In the United States, Ernst Eger of United States Rubber Company (later Uniroyal) patented a self-sealing fuel tank design in 1941, one of many companies involved in developing this technology during the war. Elmo E. Hanson, lead chemist for Firestone Tire and Rubber Company filed a patent for self sealing tanks on January 21, 1941, . Goodyear chemist James Merrill filed a patent in 1941 (published in 1947) for refining and testing his method for manufacturing self-sealing tanks using a two-layer system of rubber compounds encased in a metal outer shell or the wing lining of the aircraft.

In 1942, Eger received a War Production Board citation and the Goodyear tanks were placed in service in Goodyear-produced Vought F4U Corsair fighters, as well as other aircraft. By 1942 Fireproof Tanks had developed the first flexible fuel bladders as range extender tanks for the Spitfire Mk IX. These tanks were flexible containers, made of a laminated self-sealing material like vulcanised rubber and with as few seams as possible to minimise leak paths. The same principles were applied to give self-sealing fuel lines in aircraft (MIL-PRF-7061C).
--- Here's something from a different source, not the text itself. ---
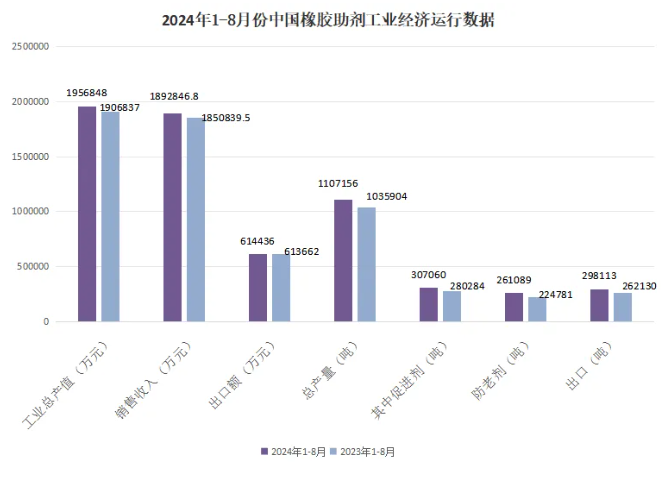 2024年1-8月份工業(yè)總產(chǎn)值195.68億元,同比增長2.62%;銷售收入189.28億元,同比增長2.27%;出口額61.4億元,同比增長0.13%;總產(chǎn)量110.07萬噸,同比增長6.88%;出口量29.81萬噸,同比增長13.73%;其中橡膠促進(jìn)劑30.7萬噸,同比增長9.55%;橡膠防老劑26.1萬噸,同比增長16.15%。

As early tests showed that impact could over-pressurise a fuel tank, the self-sealing fuel cell is suspended, allowing it to absorb shocks without rupture. US Navy fuel tanks during the war were able to withstand .50 in bullets and, on occasion, 20 mm autocannon shells.

Self-sealing tanks also tended to have lower capacity than non-sealed tanks. Also implementation of self-sealing technology into aircraft fuel tanks had the chief drawback of making the aircraft heavier (and thus slower, less manoeuvrable, and of lower endurance and operational range). The Mitsubishi A6M Zero was not designed with self-sealing tanks, even though the technology was available, since manoeuvrability and endurance were viewed as more important at the time.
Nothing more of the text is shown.